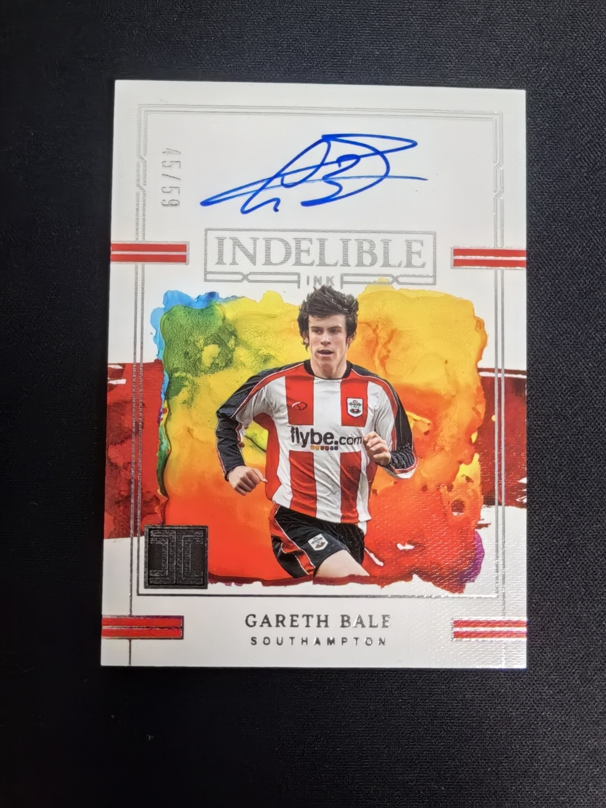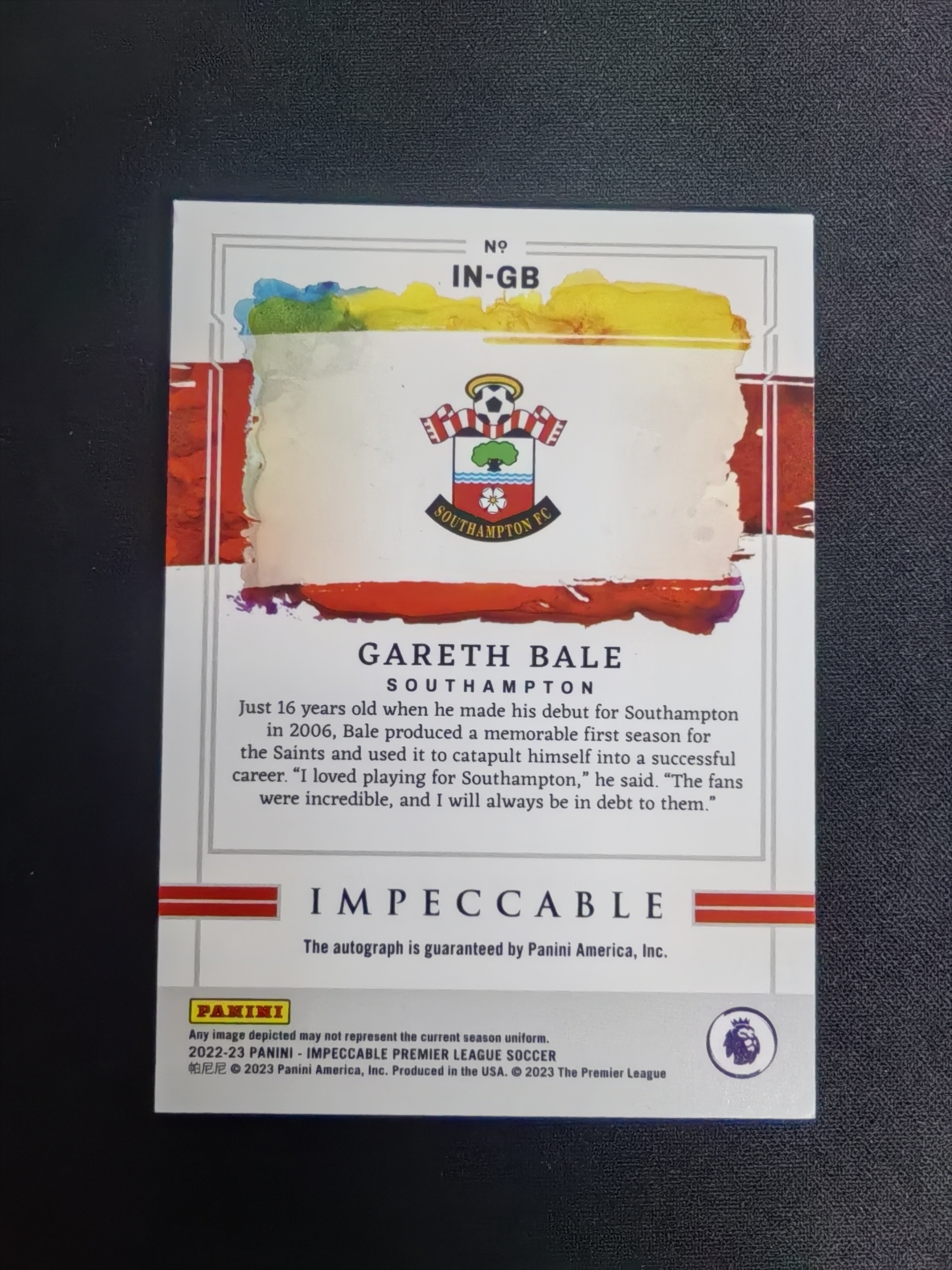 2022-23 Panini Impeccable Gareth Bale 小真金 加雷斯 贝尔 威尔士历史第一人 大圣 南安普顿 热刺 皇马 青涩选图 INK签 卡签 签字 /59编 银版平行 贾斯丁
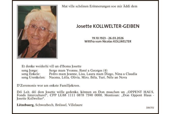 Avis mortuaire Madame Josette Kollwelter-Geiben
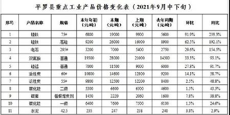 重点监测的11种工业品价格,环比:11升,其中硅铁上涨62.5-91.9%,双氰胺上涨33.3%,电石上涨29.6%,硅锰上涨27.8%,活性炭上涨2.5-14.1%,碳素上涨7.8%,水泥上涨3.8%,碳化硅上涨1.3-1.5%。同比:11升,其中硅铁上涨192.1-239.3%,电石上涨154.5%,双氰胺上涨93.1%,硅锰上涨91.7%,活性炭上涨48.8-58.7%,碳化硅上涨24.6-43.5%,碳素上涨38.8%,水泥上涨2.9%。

== WHAT YOU SHOULD DO ==
Leaving the images out, retype all the material above exactly.

== ANSWER AREA ==
 2022-23 Panini Impeccable Gareth Bale 小真金 加雷斯 贝尔 威尔士历史第一人 大圣 南安普顿 热刺 皇马 青涩选图 INK签 卡签 签字 /59编 银版平行 贾斯丁
 Avis mortuaire Madame Josette Kollwelter-Geiben
 重点监测的11种工业品价格,环比:11升,其中硅铁上涨62.5-91.9%,双氰胺上涨33.3%,电石上涨29.6%,硅锰上涨27.8%,活性炭上涨2.5-14.1%,碳素上涨7.8%,水泥上涨3.8%,碳化硅上涨1.3-1.5%。同比:11升,其中硅铁上涨192.1-239.3%,电石上涨154.5%,双氰胺上涨93.1%,硅锰上涨91.7%,活性炭上涨48.8-58.7%,碳化硅上涨24.6-43.5%,碳素上涨38.8%,水泥上涨2.9%。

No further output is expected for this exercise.